312 So.3d 647
La. Ct. App.2020Background
- On July 21, 2017 Devan Smith (father of plaintiff’s children) was shot and killed outside plaintiff Keishonna Whitney Allen’s apartment at the Michaels Development property; plaintiff alleges negligent failure to provide adequate security.
- Allen filed suit on October 7, 2019 (more than one year after the shooting). Apartment Defendants filed exceptions, including prescription, on December 11, 2019.
- Allen amended her petition on February 11, 2020, alleging she first learned additional facts giving rise to a claim (intermittent security, history of similar crimes, and that defendants had assumed a security duty) during a meeting with attorneys on September 4, 2019.
- No evidence was introduced at the prescription hearing; the district court granted the peremptory exception of prescription on March 9, 2020 and dismissed the suit.
- On appeal the court accepted Allen’s pleaded facts as true, found the district court erred by treating the September 4 meeting as merely notice of legal rights (ignorance of law) and not as discovery of operative facts, and vacated and remanded for further proceedings (including an evidentiary hearing and opportunity to amend).
Issues
| Issue | Plaintiff's Argument | Defendant's Argument | Held |
|---|---|---|---|
| Whether the discovery rule (contra non valentem) suspended prescription | Allen: she did not know the facts supporting a claim until Sept. 4, 2019 meeting; prescription tolled until then | Defendants: meeting only informed her of legal rights; ignorance of law does not toll prescription | Appellate court: cannot resolve on pleadings alone; district court erred in ignoring pleaded factual allegations—vacated and remanded for evidentiary development |
| Whether the exception could be granted without evidentiary hearing or permitting amendment | Allen: petition alleges facts that, if true, defeat prescription and she should be allowed to amend and present evidence | Defendants: exception may be raised pretrial and decided before trial | Appellate court: where no evidence was introduced, the petition’s facts must be accepted; ordered remand for evidentiary hearing and allowed amendment opportunity |
Key Cases Cited
- Harris v.

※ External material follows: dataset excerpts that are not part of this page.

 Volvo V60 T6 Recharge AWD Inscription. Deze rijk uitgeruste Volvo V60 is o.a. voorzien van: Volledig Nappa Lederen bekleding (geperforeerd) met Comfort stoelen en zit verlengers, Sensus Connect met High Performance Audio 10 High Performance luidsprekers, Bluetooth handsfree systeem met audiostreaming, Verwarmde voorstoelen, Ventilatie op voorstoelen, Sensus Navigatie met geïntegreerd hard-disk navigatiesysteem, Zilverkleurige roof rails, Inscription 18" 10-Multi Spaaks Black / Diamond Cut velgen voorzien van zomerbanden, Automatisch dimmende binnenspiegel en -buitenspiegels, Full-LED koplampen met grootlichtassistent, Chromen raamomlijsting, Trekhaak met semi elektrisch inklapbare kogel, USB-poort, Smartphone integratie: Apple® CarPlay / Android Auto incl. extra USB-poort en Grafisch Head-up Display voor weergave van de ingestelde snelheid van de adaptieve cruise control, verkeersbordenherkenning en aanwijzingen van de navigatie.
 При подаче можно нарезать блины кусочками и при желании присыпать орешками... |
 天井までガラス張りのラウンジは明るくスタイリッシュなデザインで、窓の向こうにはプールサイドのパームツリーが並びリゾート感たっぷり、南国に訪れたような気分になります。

Pizza Hut of Louisiana, Inc., 455 So.2d 1364 (La. 1984) (business may assume a duty to protect by hiring security and be liable for negligent performance)

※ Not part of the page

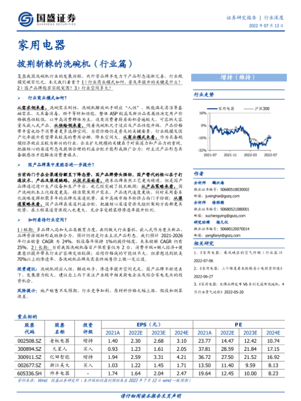 【国盛证券】【20220713】家用电器:披荆斩棘的洗碗机(行业篇)-23页 行业研究

- Denoux v. Vessel Mgmt. Servs., Inc., 983 So.2d 84 (La. 2008) (if no evidence at prescription hearing, court must accept petition allegations as true)
- Wilhike v. Polk, 999 So.2d 83 (La. App. 4 Cir. 2008) (describes discovery-rule category of contra non valentem and tolling when cause not reasonably knowable)
- Albe v. City of New Orleans, 150 So.3d 361 (La. App. 4 Cir. 2014) (distinguishes ignorance of facts from ignorance of law; mere ignorance of legal rights does not toll prescription)
- Scott v. Zaheri, 157 So.3d 779 (La. App. 4 Cir. 2014) (plaintiff should be allowed to amend petition where new allegations might overcome prescription)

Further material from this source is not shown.